Transliterator class can be used to perform such conversion:

<?php
$id = "Any-Latin; NFD; [:Nonspacing Mark:] Remove; NFC; [:Punctuation:] Remove; Lower();";
$transliterator = Transliterator::create($id);
$string = "ąčįū!?_-&% ĄČĘĖĮŠŲŪŽ";
echo $transliterator->transliterate($string);
// aciu aceeisuuz

If it is needed to generate URL slug, we can convert spaces to hyphens using RegExp:

<?php
echo preg_replace('/\s+/', '-', 'tekstas   tekstas2');
// tekstas-tekstas2

The argument passed to Transliterator::create() can be formed according the ICU transformation guide.

NFC and NFD are unicode normalization and denormalization functions.

Sorting

Let’s assume we need to sort Lithuanian words: urvas, ūkas, Ukmergė, ugnis. The expected result is: urvas, ūkas, Ukmergė, ugnis.

Normally the PHP array is sorted like this:

<?php
$arr = ['urvas', 'ūkas', 'Ukmergė', 'ugnis'];
sort($arr);
print_r($arr);
// Array ( [0] => Ukmergė [1] => ugnis [2] => urvas [3] => ūkas )

The result is incorrect due to wrong collation (the capital letter is sorted first, the u with macron is sorted the last).

It is possible to hint sort() to use system locale by passing SORT_LOCALE_STRING as second argument:

<?php
setlocale(LC_ALL, 'lt_LT.UTF-8');
$arr = ['urvas', 'ūkas', 'Ukmergė', 'ugnis'];
sort($arr, SORT_LOCALE_STRING);
print_r($arr);
// Array ( [0] => ugnis [1] => ūkas [2] => Ukmergė [3] => urvas )

The result is correct, but it can have negative impact, because in this example the locale is set globally. Also, it must be installed in the operating system.

The other way is to use Collator class:

<?php
$arr = ['urvas', 'ūkas', 'Ukmergė', 'ugnis'];
$collator = new Collator('lt_LT');
$collator->sort($arr);
print_r($arr);
// Array ( [0] => ugnis [1] => ūkas [2] => Ukmergė [3] => urvas )

Number formats

The number and currency formats are different in different languages.
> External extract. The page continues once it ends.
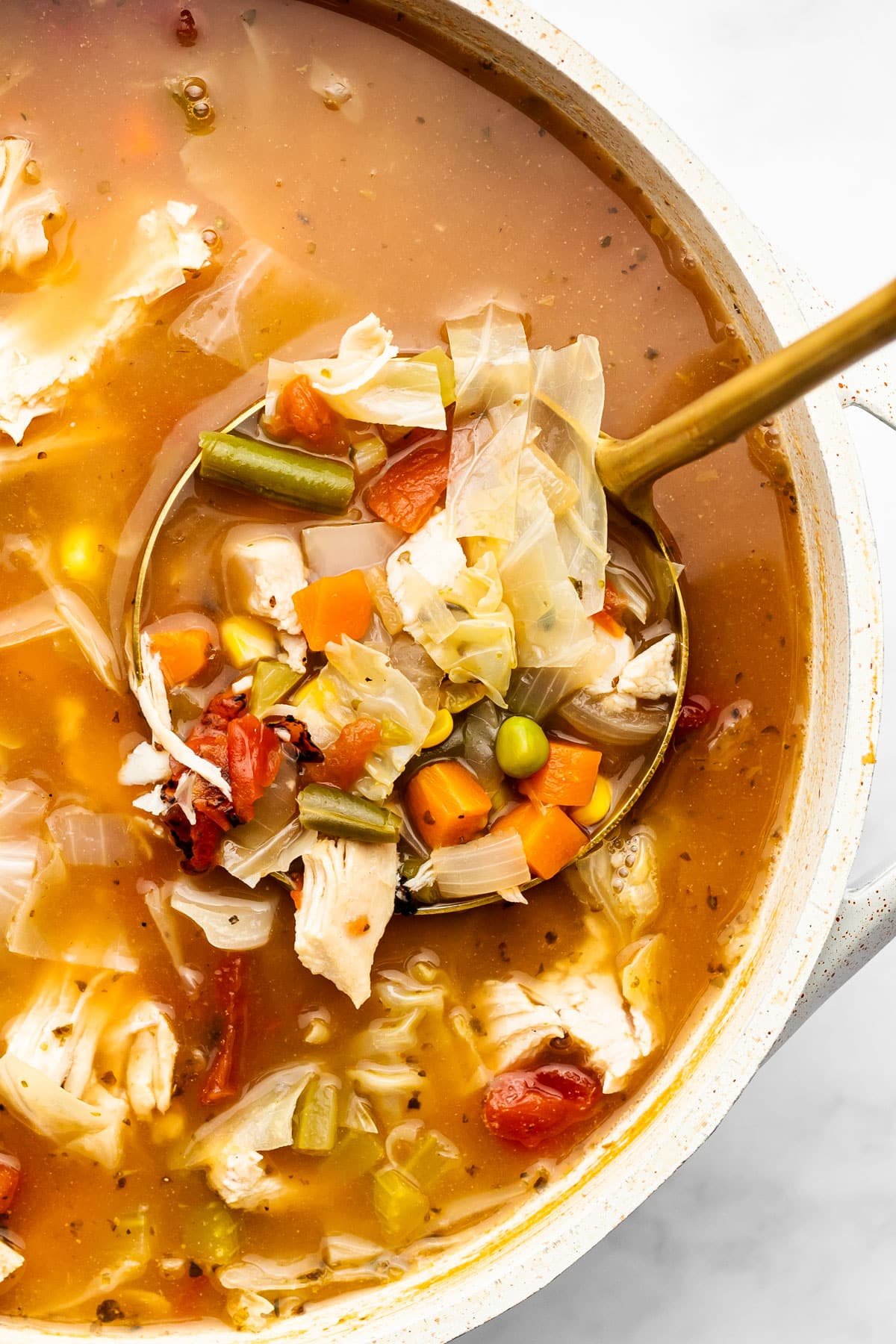 Want to enjoy this healthy chicken vegetable soup recipe the next day or later in the week? Leftover soup can be stored in an airtight container in the refrigerator for up to 3-4 days. Reheat on the stovetop on low to medium heat until warmed through. You can also reheat in the microwave after thawing.
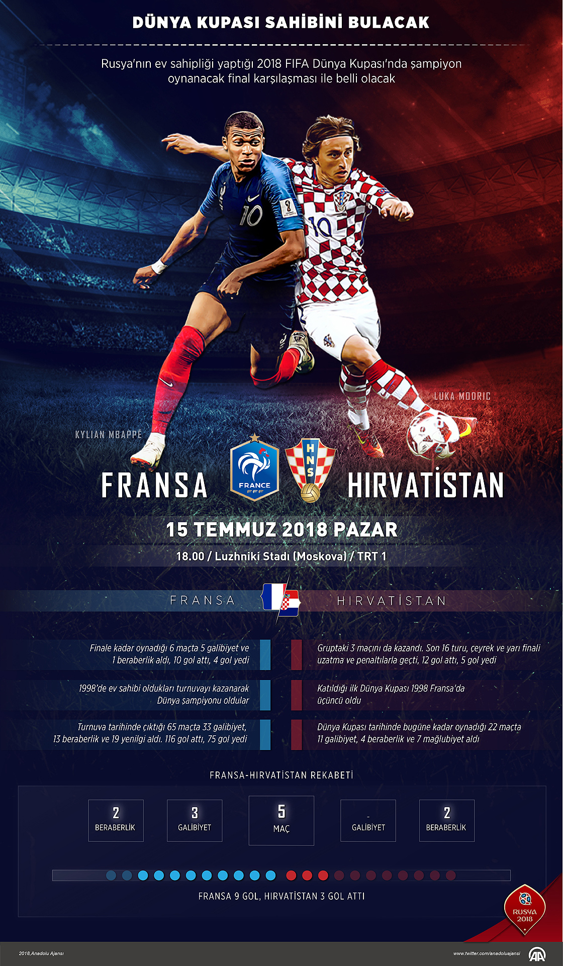 2018 FIFA Dünya Kupası finalinde Fransa ile Hırvatistan, yarın şampiyonluk için karşı karşıya gelecek.

NumberFormatter can be used to display them correctly:

<?php
$ltNum = new NumberFormatter('lt_LT', NumberFormatter::CURRENCY);
echo $ltNum->formatCurrency(1234567890.25, 'LTL');
// 1,234,567,890.25 Lt
echo $ltNum->formatCurrency(1234567890.25, 'EUR');
// 1,234,567,890.25 €
echo $ltNum->formatCurrency(1234567890.25, 'USD');
// 1,234,567,890.25 US$

$enNum = new NumberFormatter('en_US', NumberFormatter::CURRENCY);
echo $enNum->formatCurrency(1234567890.25, 'LTL');
// LTL1,234,567,890.25
echo $enNum->formatCurrency(1234567890.25, 'EUR');
// €1,234,567,890.25
echo $enNum->formatCurrency(1234567890.25, 'USD');
// $1,234,567,890.25

As we see the currencies are displayed differently depending on locale.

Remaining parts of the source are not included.